L’ERTMS n’est pas un produit, c’est un état d’esprit » : les experts s’expriment sur son évolution

Thilde Restofte Pedersen of Nordic Signals, Jarlath Lally of The Signalling Company and Karel van Gils of Europe’s Rail (left to right) at RailTech Europe 2026.
Thilde Restofte Pedersen of Nordic Signals, Jarlath Lally of The Signalling Company and Karel van Gils of Europe’s Rail (left to right) at RailTech Europe 2026. ProMedia

Thilde Restofte Pedersen de Nordic Signals, Karel van Gils d’Europe’s Rail et Jarlath Lally de The Signalling Company sont tous d’accord sur un point : l’ERTMS doit évoluer. Ils ont discuté des goulets d’étranglement à RailTech Europe 2026 : avec l’urgence supplémentaire de la mobilité militaire, le défi consiste à faire passer le système de signalisation ferroviaire numérique de l’Europe d’un déploiement lent à un déploiement coordonné plus rapide, et à réduire les coûts pour que cela soit réaliste. Jo de Bosschere de l’ERA s’est penché sur l’évolution des normes techniques pour mettre à jour le cadre de l’ERTMS.
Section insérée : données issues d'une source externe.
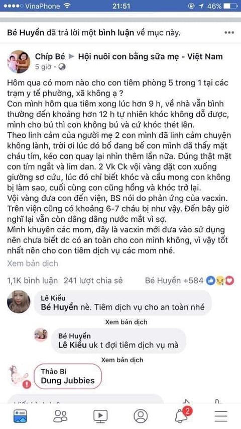 Những chia sẻ về thông tin vắc xin mới ở các hội nhóm về chăm sóc con nhỏ các mẹ đều tỏ ra lo lắng và không biết nên tiêm vắc xin trong chương trình mở rộng hay cố đưa con lên Hà Nội tiêm dịch vụ.
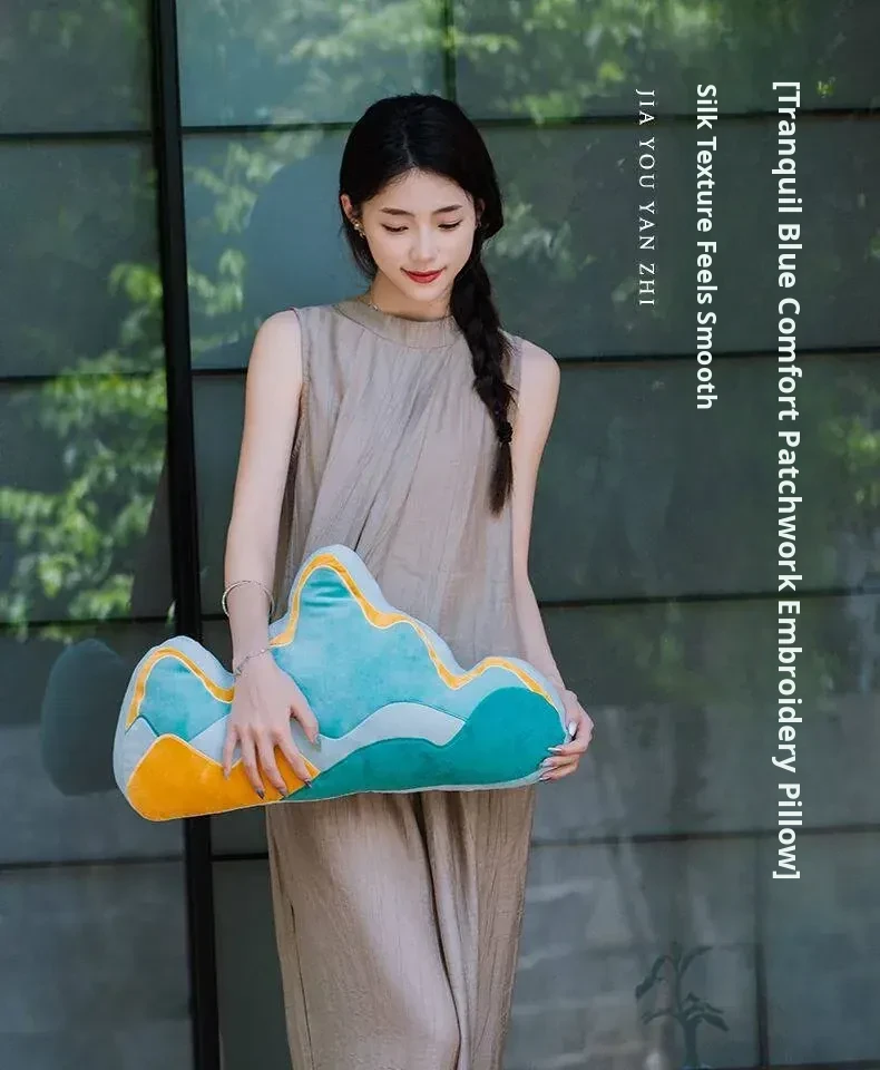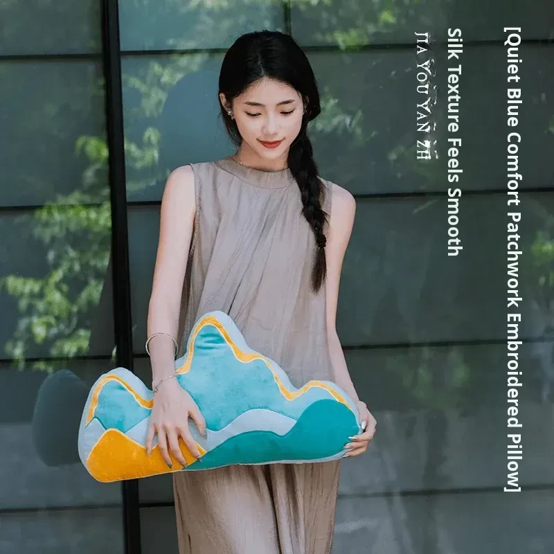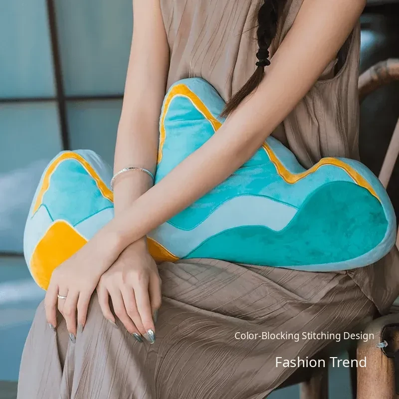 Creative New Chinese Style Backrest Pillow - Artistic Shaped Cushion for Sofa, Office Chair, and Lumbar Support, Perfect for Living Room Comfort

Thilde Restofte Pedersen (PDG, Nordic Signals), Karel van Gils (directeur de programme, Europe’s Rail) et Jarlath Lally (responsable des ventes et de la gestion des produits, The Signalling Company) ont abordé les défis plus vastes du déploiement de l’ERTMS lors d’une table ronde organisée au début du mois à l’occasion de RailTech Europe.
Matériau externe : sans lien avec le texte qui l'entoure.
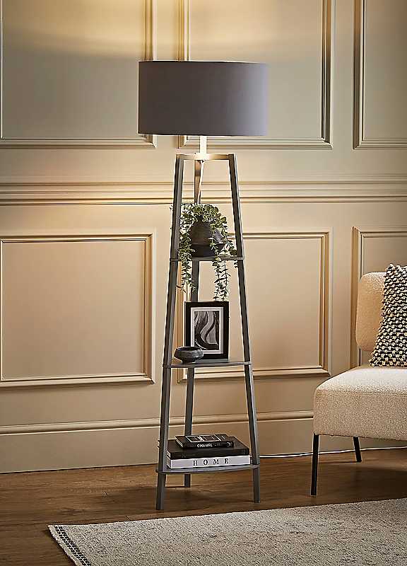 ValueLights Hiru Grey 3 Tier Shelf Floor Lamp with Metallic Silver Inner Shade
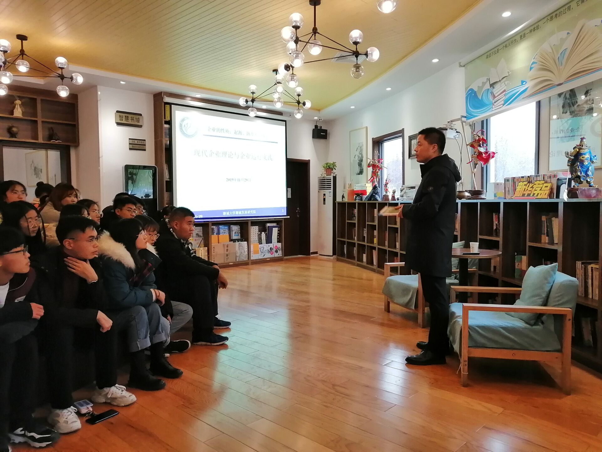 品文化经典,创书香校园。由校团委主办、555电影 承办的第二十七期“湖畔书潭”于11月29日在555电影 “尚学吧”举办,555电影 555电影 副院长,聊城发展研究院副院长,经济学博士,硕士生导师杨宏力教授受邀担任此次活动的主讲人,以现代企业理论与企业运行实践为题讲解《企业的性质:起源、演变和发展》,带领聊大学子品读经典,体悟其中的经济哲学。
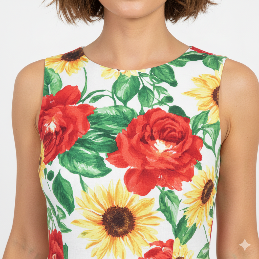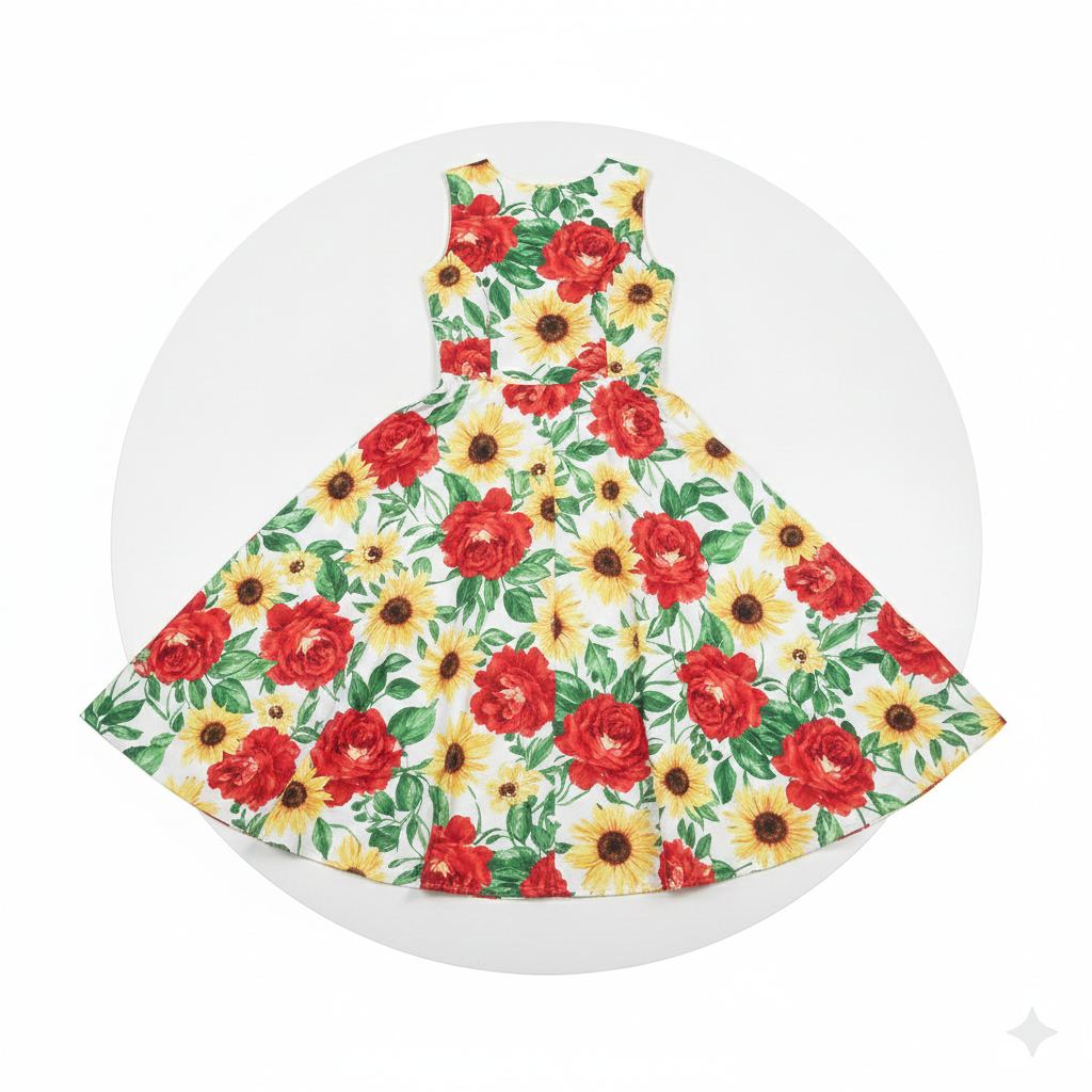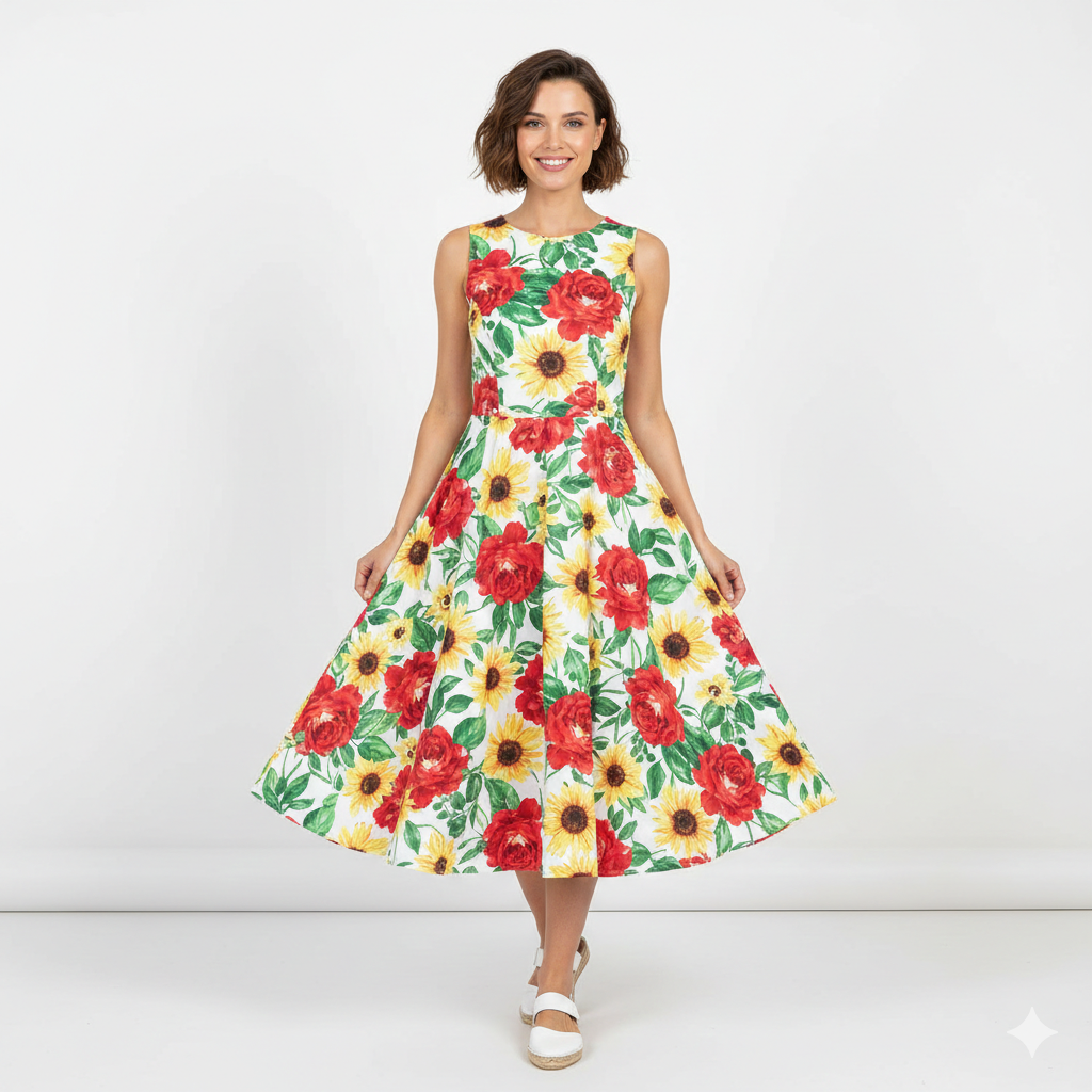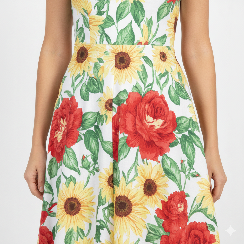 Bright, joyful, and effortlessly feminine – the Sunblossom Garden Midi Dress is designed to turn everyday moments into something beautiful. Featuring a vibrant floral print with bold red blooms and sunny yellow blossoms set against a soft cream backdrop, this dress radiates warmth and charm.
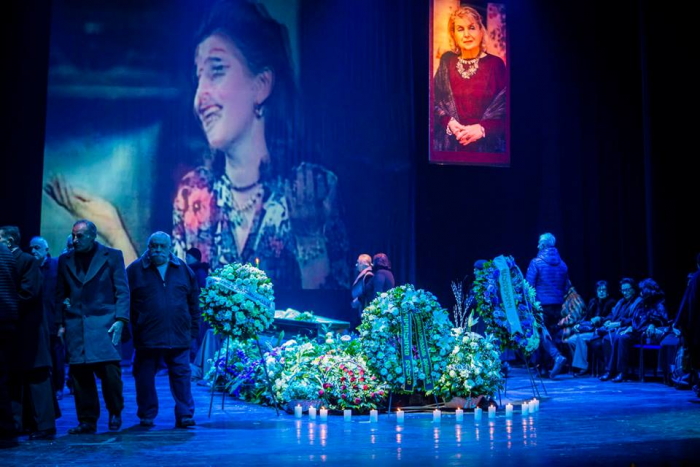მარჯანიშვილის თეატრში, სადაც მსახიობის სამოქალაქო პანაშვიდი მიმდინარეობდა პოლიტიკოსები და საზოგადოებისთვის ცნობილი პირები იმყოფებოდნენ.

Selon une étude approfondie de l’UE réalisée l’année dernière, le coût de la modernisation et de l’adaptation des trains au système européen de gestion du trafic ferroviaire (ERTMS) a doublé en l’espace de quatre ans seulement.

De l’ingénierie à la finalité

M. Van Gils a fait remarquer que le secteur ferroviaire européen se concentre de plus en plus sur le déploiement, et pas seulement sur l’innovation. « Nous demandons 15 milliards d’euros pour accélérer le pré-déploiement des nouveaux développements », a-t-il déclaré. Nous demandons 15 milliards d’euros pour accélérer le pré-déploiement des nouveaux développements », a-t-il déclaré, « pour mettre en place un mécanisme commun de mise à l’échelle et pour réaliser des essais préliminaires des nouvelles exigences des STI (spécifications techniques d’interopérabilité) ».
(spécifications techniques d’interopérabilité). »

M. Pedersen a appelé à une urgence militaire. « Si nous envisagions l’ERTMS dans un contexte militaire, en considérant le chemin de fer comme une infrastructure militaire essentielle, que faudrait-il pour transporter des troupes de la côte atlantique à la frontière ukrainienne en 24 heures ? « Nous avons besoin de ce type d’objectif pour nous asseoir et établir les spécifications. Les choses sont parfois très centrées sur l’ingénierie et pas très axées sur ce que nous voulons au final ».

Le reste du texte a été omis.